Fault Current

Divide 630kVA by the voltages to obtain amperes. Anything above each of those two numbers would indicate an overload fault.

On the 11kV side, available fault current depends on the system upstream, either the utility's source or the larger transformer that feeds this one, plus the effects of lengths of cable and bus and any contribution from generation or motors on-site. It is not trivial to analyze.

On the 415V, it can be approximated by calculating the Full-Load Amps of the transformer kVA / (kV * sqrt 3) = 630 / (0.415 * 1.732) = 876 amps. Divide this by the transformer's percent impedance expressed as a decimal (e.g., 5.5%Z = 0.055) to get a rough estimate of max fault current at the transformer secondary. Assuming this unit is about 5.5%Z, available secondary fault current is about 16kA. To this would also be added contribution due to motors on the circuit, which feed back into the fault while they are still spinning as generators.
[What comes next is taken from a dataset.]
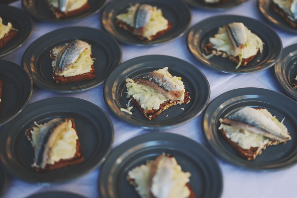 ◎ete[秋刀魚とじゃが芋タルティーヌ]:軽くマリネした秋刀魚、マッシュポテト、フェンネル、フレッシュハーブ、甘酸っぱいキウイソースを薄くスライスしたライ麦トーストの上に乗せたオープンサンド。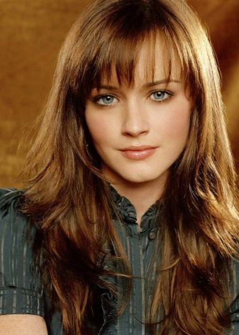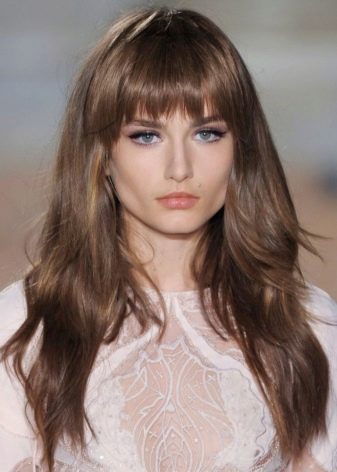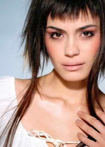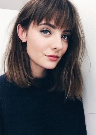 If you want to try this style on yourself in the presence of thick bangs or lack thereof, you can start with an elongated version. The new image will give the image a playful lightness and charm inherent in young ladies. Moreover, with the help of such bangs, it is easy to correct the existing shortcomings of the exterior and it is advantageous to draw up the merits.

Again, not a trivial analysis. If you want to calculate it all out by hand, it is possible - the procedure is documented in any textbook on power system analysis, or the IEEE Brown Book (IEEE Recommended Practice for Industrial and Commercial Power Systems Analysis). Easier way is to get software such as the SKM Power*Tools Analysis, but that entails cost and a training/learning curve.